The evolution of my work in recent years has also been greatly influenced by my study and travels in China. Spending many months/years immersing myself in the written language, the landscape, and the traditions of their culture. The delicate structures of paper-cutttings, the intricate complexity of wood-carvings and the beautifully layered Chinese ink paintings are but a few of the arts that have visually fascinated me and begun to influence the direction of my own work"
— melissa m button
Cameron Luft
Friday, Aug 17 – Sun, Aug 19
Cameron Luft is an MFA candidate at Arizona State University. Having worked in the garbage and recycling industry for 10 years prior to beginning graduate school, he intuitively began assembling discarded objects and recyclables onto wooden panels. To create a smooth and polished surface he finishes the work with a slick coat of resin in the West Coast finish fetish tradition.

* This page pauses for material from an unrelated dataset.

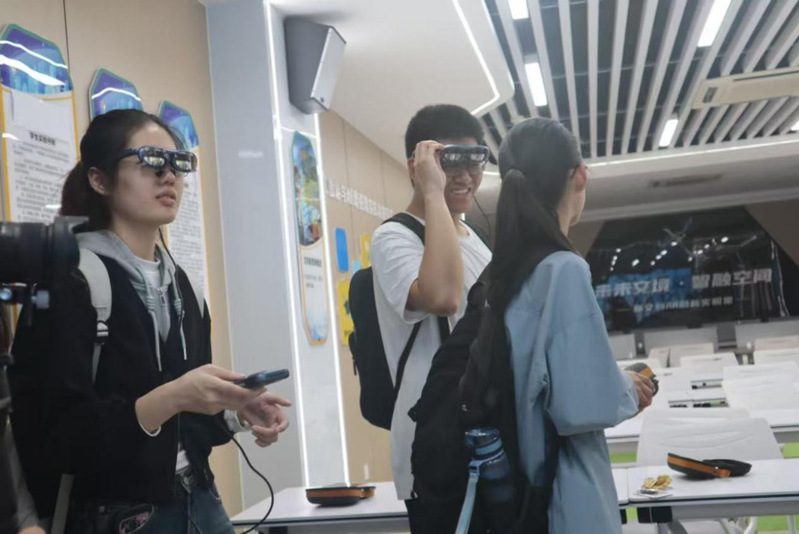 活动最后,同学们走进AR创新实验室一探究竟。作为承载未来教育理念的创新空间,实验室配备了特制的AR眼镜。教师借助这一设备开展沉浸式教学,不仅打破了传统课堂的边界,更以生动直观的教学场景,让抽象知识“跃然眼前”,生动诠释了“技术赋能教育”的现代理念。

Luft was most recently a featured artist at the Arizona Biennial 2011 at the Tucson Museum of Art. He has exhibited at Aqua Art Miami during Art Basel week in Miami Beach, FL., and the Affordable Art Fairs in both Los Angeles and New York. He is also an upcoming featured artist in the New American Paintings MFA annual #99 that goes on sale at Barnes and Noble and Borders bookstores. Luft is also a member of the Phi Kappa Phi honor society.
Dean Reynolds
Friday, Aug 24 – Sun, Aug 26
"The work is about the collision of the real and the imaginary, contemporary people in other worldly environments, using classical portraiture and combining it with my own inventions of a landscape. It is a window to another world and strangely not out of this world. I work with the past, the present and add some spice of retro-futurism, all of it done in the manner of picture making traditionally of European oil painting."
— Dean Reynolds
Dean Reynolds was born in Torrance, California. Prior to moving to Kentucky to attend Northern Kentucky University (NKU) to pursue an undergraduate degree in painting, he worked in local Los Angeles theaters as an actor and technical assistant as well as worked in a French bistro in Santa Monica, CA. He received a BFA in painting at Northern Kentucky University in 2011. While at NKU, he's been the recipient of several Department of Visual Art scholarships and is also in the private collection of well known and respected Cincinnati arts advocate and collector Saad Ghosn. He moved in 2011 to Arizona to attend Arizona State University. There he is a MFA candidate for painting at ASU and has completed his first year. He has been the recipient of the Special Talent Award in 2011 by the ASU Department of Art.
Dan Lam
Friday, Aug 31 – Sept 2
"As an artist, I believe the work I create should speak for itself. That stated, I am interested in working with different materials that allow a certain amount of control on my part and degree of chance on the material's part. My goal when I sit down to create a piece is to allow inspiration to flow freely from me. I try to stay true to the creative vision. I lay down a medium, respond and react, and act accordingly. I utilize layering of materials in different ways to show a passage of time and a visualization of process. Thus, the main focuses of my work deals with the actual creative process and the materials I chose."
— Dan Lam
Dan Lam was born in the Philippines, but spent the majority of her life in Texas. She received her Bachelor of Fine Art degree from the University of North Texas and is currently pursuing her Master of Fine Arts degree at the Arizona State University.